- _What to produce_:
Return each line of the records below that contains the word "machines".

Data entries:
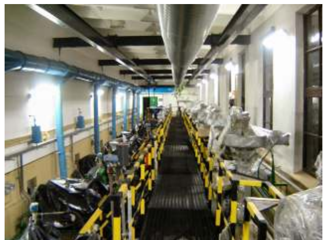
Pre-ORS treatment procedures, wrapping all sensitive equipment and machinery with plastic coverings. Note machines on left and right wrapped to prevent any water damage.
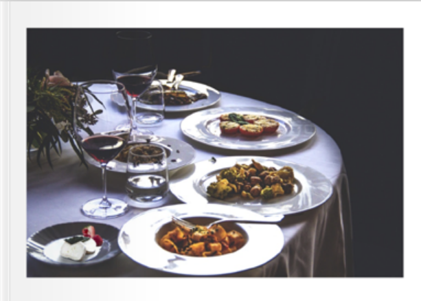
Hotel Majestic Roma
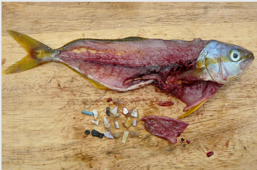
This rainbow runner had consumed 17 plastic fragments. Marine plastic pollution plays an unknown role in human exposures to toxic chemicals. Regardless of what that role may turn out to be, sources for this story believe we have options for realizing the benefits of plastics without the hazards of marine pollution.
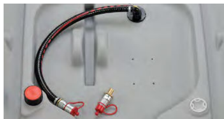
440 L with quick coupling
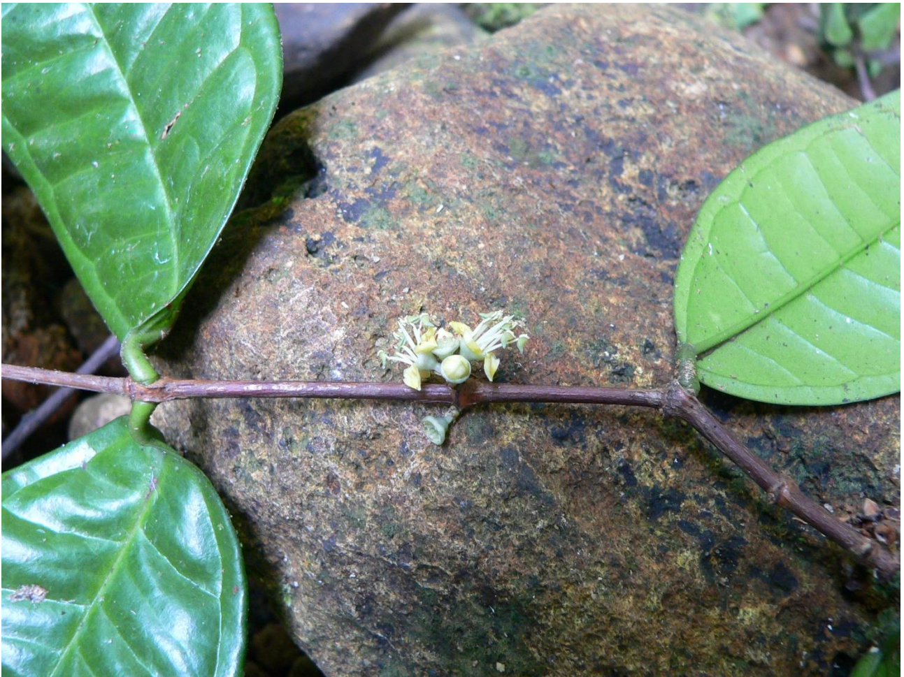
Fig. 1 Memecylon ebo Flowering branch of Prenner 23.
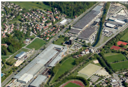
Biberach/Riss (Germany): large diameter bearings, gearboxes, rope winches, switchgear, electronics, electrical machines
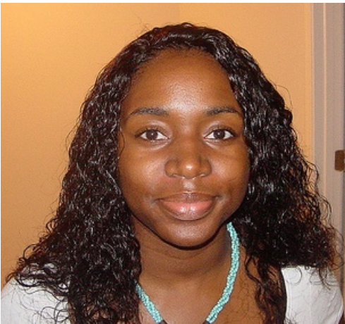
These photos were borrowed from internet sites. I like the one below, because it's a good close-up image of the concept to achieve this look.
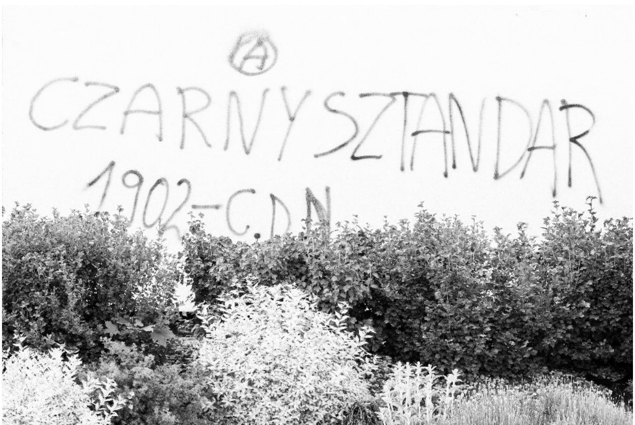
Anarchist graffiti in Białystok, 2021. "BLACK BANNER 1902-T.B.C."
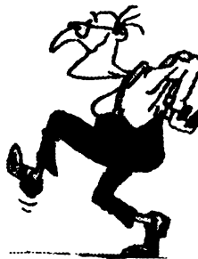
The funky dinosaur
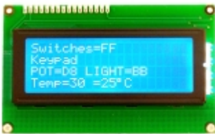
LCD, 20 char. x 4 lines, blue with white LED backlight USD $15.00

Basic low-cost 16-character 4-line display. [Product Details...]

- _Task answer_:
Pre-ORS treatment procedures, wrapping all sensitive equipment and machinery with plastic coverings. Note machines on left and right wrapped to prevent any water damage.
Biberach/Riss (Germany): large diameter bearings, gearboxes, rope winches, switchgear, electronics, electrical machines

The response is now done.